Third world mothers face health risks that have been eliminated from the industrialized world. Mercator Net interviews Dr. Robert Walley, the founder and executive director of MaterCare International and an emeritus Professor of Obstetrics and Gynaecology at Memorial University of Newfoundland, Canada.

Dr. Walley: Mothers in the developing world are experiencing unimaginable suffering due to a scandalous lack of effective care during pregnancy and childbirth, with the consequence that many thousands are dying. The World Health Organisation estimates that there are over 500,000 maternal deaths annually, of which 99 per cent occur in developing countries. There is no accurate data to substantiate these numbers, the reason being that most developing countries do not report information on births, deaths, the sex of dead people or the cause of death. However, figures from my own experience at a mission hospital in Nigeria, where the in-hospital maternal mortality ratio was 1,700 per 100,000 live births, illustrates the enormity of the situation.

Some 200 million women are pregnant, world-wide, each year. Most mothers deliver in villages without access to safe, clean facilities and without a trained person to assist them. Most maternal deaths occur during the last trimester and in the first week following delivery. Practising in Canada prior to going to Nigeria in 1981 and since then, I have never had a mother die under my care from a direct obstetrical cause, or been present at such a death. Maternal deaths in Canada are at the level of what is called irreducible minimums, 1/100,000 live births. However, at the mission hospital maternal deaths were almost a daily event. I recall one weekend during which there were four deaths of mothers who had arrived at the hospital, two in extremis from haemorrhage, one in agony from obstructed labour, and another with a ruptured uterus after days in labour because she was young and consequently her pelvis was too small. Others would arrive unconscious due to pregnancy-induced hypertension, or suffering from malaria or severe anaemia resulting from malnutrition. Most mothers die in Africa alone and in terror in villages, as they have no way of getting to the hospital. These deaths of mothers and babies are the greatest tragedies of our times especially since they are readily preventable and treatable.

The disparity in maternal mortality and morbidity rates, between developed and developing countries, is greater than any other commonly used measure of health status.

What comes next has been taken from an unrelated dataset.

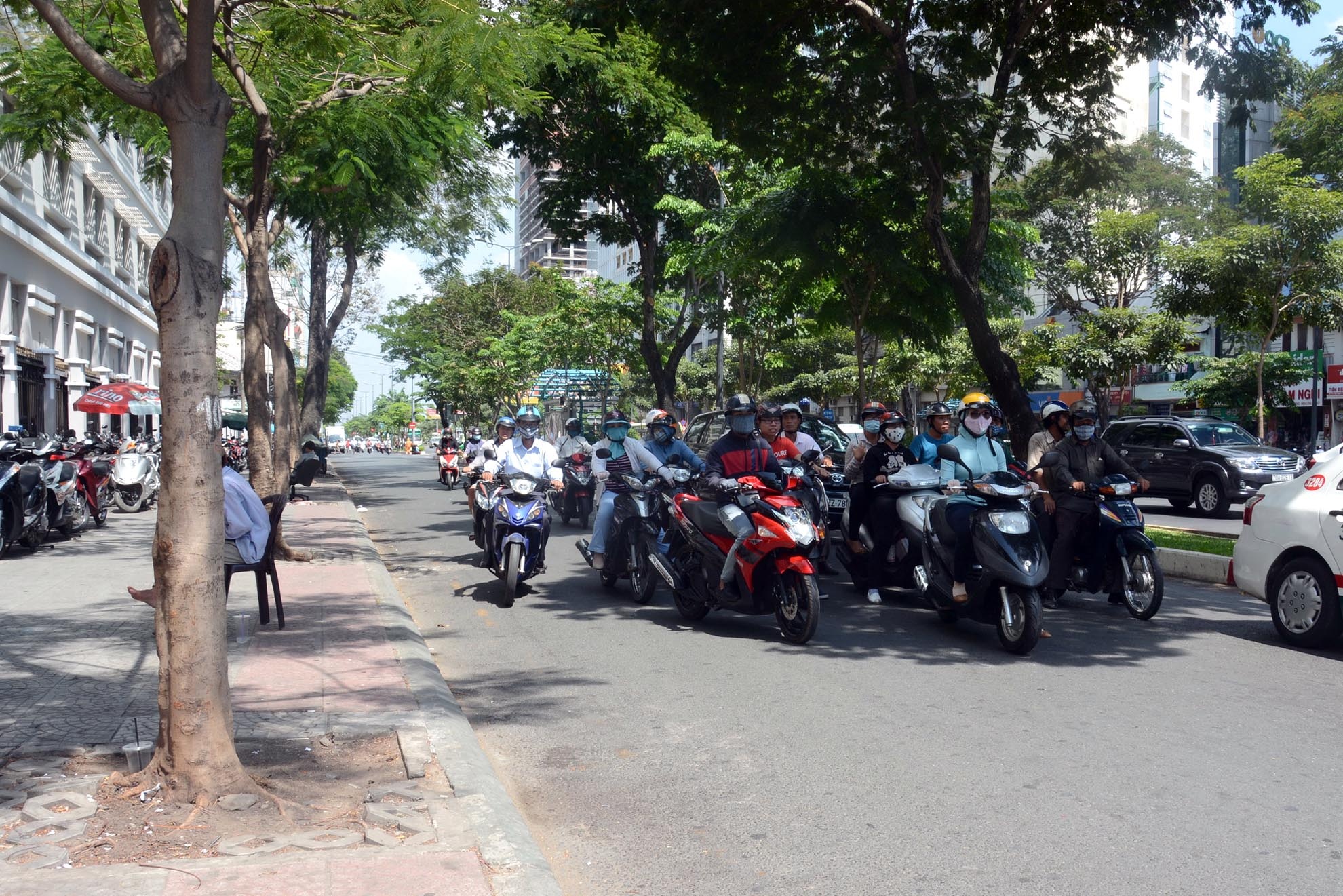 | Nắng gắt dọi xuống mặt đường, động cơ xe bốc hơi nóng hừng hực. Nhiều người ra đường phải bịt kín mặt, tìm đủ mọi cách để giảm nhiệt. Những bóng cây trên đường phố, gần các đèn tín hiệu giao thông trở thành chỗ trú lý tưởng cho nhiều người đi xe máy trong lúc chờ đèn tín hiệu chuyển xanh. |

Pregnancy related deaths are one of the major causes of death and disability occurring among women in the reproductive age group. This loss is twice that of any other diseases including AIDS, malaria, TB or sexually transmitted diseases. There is no single cause for male mortality in this age group that comes close to the magnitude of maternal mortality and morbidity. The tragedy is that the solutions to this suffering have been known for decades and cost very little. ...

MercatorNet: It is 21 years since the Safe Motherhood Initiative was launched in Nairobi to address this problem, and 8 years since it was made one the UN's Millennium goals, and yet the director general of the WHO said recently that "the world failed to make a dent" in it. What is your analysis of this failure?

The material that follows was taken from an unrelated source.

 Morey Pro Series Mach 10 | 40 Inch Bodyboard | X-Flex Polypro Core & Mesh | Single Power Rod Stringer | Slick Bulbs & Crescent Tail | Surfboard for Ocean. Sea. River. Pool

Dr Walley: A report in the British Medical Journal in July 2007 said that at the present rate of progress the 5th Millennium Development Goal will not be met for 275 years -- in 2282, not in 2015 as intended. The reasons are poverty, lack of compassion, lack of political and professional wills, a conspiracy of silence, and a lack of imagination. That any woman should die giving birth in the 21st century is an international disgrace.

The responsibility in my view lies partly with national governments but also very much with Western governments, the UN and other international agencies e.g. those of the European Union, DFID (UK), CIDA (Canada) and USAID and, of course, the radical feminist movement, which cares little for motherhood. These are compromised by their desire to control populations in developing countries. While billions of dollars have been and are being spent on reproductive health programmes (a euphemism for birth control) only a small fraction is focused on providing emergency obstetric services that ensures that women survive their pregnancies -- services which are freely available to all mothers in rich countries.

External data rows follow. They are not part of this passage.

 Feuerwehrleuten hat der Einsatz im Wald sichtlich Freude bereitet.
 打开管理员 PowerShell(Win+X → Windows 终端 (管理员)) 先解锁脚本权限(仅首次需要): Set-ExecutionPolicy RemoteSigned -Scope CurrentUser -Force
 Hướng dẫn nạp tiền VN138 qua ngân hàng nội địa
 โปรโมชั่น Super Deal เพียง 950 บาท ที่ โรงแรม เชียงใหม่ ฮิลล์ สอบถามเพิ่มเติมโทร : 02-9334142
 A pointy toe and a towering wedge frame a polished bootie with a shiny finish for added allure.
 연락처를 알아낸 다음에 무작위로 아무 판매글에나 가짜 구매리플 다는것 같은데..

We have known the causes of maternal deaths for over 100 years -- haemorrhage, infection, hypertension, obstructed labour, septic abortion -- and we eliminated them in the our rich world by providing essential obstetrical care to mothers one at a time. The former Director General of WHO, Dr. Halfdan Mahler, commented in Nairobi in 1987, “We know enough to act now, it could be done; it ought to be done; and in the name of social justice and human solidarity, it must be done.” It hasn’t been.

MercatorNet: What we do hear a lot about is "unsafe (illegal) abortion", along with some alarming statistics. Is this a major cause of maternal deaths and ill health? What's the real answer to this problem?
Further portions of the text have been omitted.